DATA SHOWN
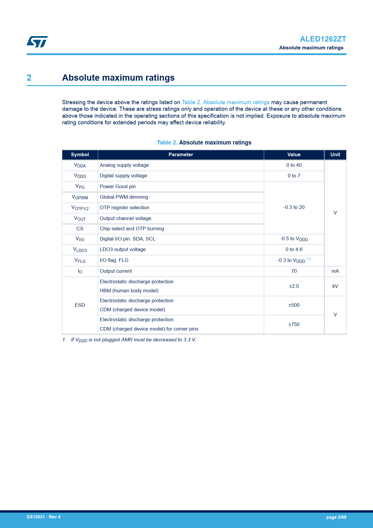 Pages / Page69 / 3 — ALED1262ZT. Absolute maximum ratings. Table 2. Absolute maximum ratings. …
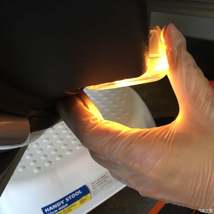 手挡位置右边隐约能看到一颗螺丝,把它拧上。拆装这个照明灯线需要把小灯泡拔下的,灯泡往外抽就可以卸下。
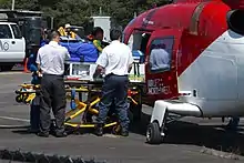 Respiratory Therapists work with nurses, physicians, and paramedics in emergency flight and ground transport.[42][43] They are a vital practitioner delivering care inside helicopters, air ambulance or ground ambulance working to pick up a patient and move them to a facility that has what they need. In the United States certification for transport (C-NPT) is currently awarded by The National Certification Corporation.[44]
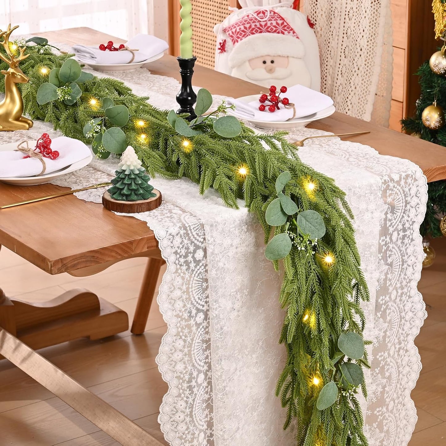 Waipfaru Christmas Norfolk Pine Garland with Lights,6FT Real Touch Pine Garland Christmas Decoration,Artificial Faux Cedar Garland for Christmas Table Fireplace Mentle Wall Home Decoration

EXERCISE
Starting at the line that contains "手挡位置右边隐约能看到一颗螺" and ending at the final line of the data, reproduce each line exactly. Pictures stay out of the copy.

SOLUTION TO THIS TASK
 手挡位置右边隐约能看到一颗螺丝,把它拧上。拆装这个照明灯线需要把小灯泡拔下的,灯泡往外抽就可以卸下。
 Respiratory Therapists work with nurses, physicians, and paramedics in emergency flight and ground transport.[42][43] They are a vital practitioner delivering care inside helicopters, air ambulance or ground ambulance working to pick up a patient and move them to a facility that has what they need. In the United States certification for transport (C-NPT) is currently awarded by The National Certification Corporation.[44]
 Waipfaru Christmas Norfolk Pine Garland with Lights,6FT Real Touch Pine Garland Christmas Decoration,Artificial Faux Cedar Garland for Christmas Table Fireplace Mentle Wall Home Decoration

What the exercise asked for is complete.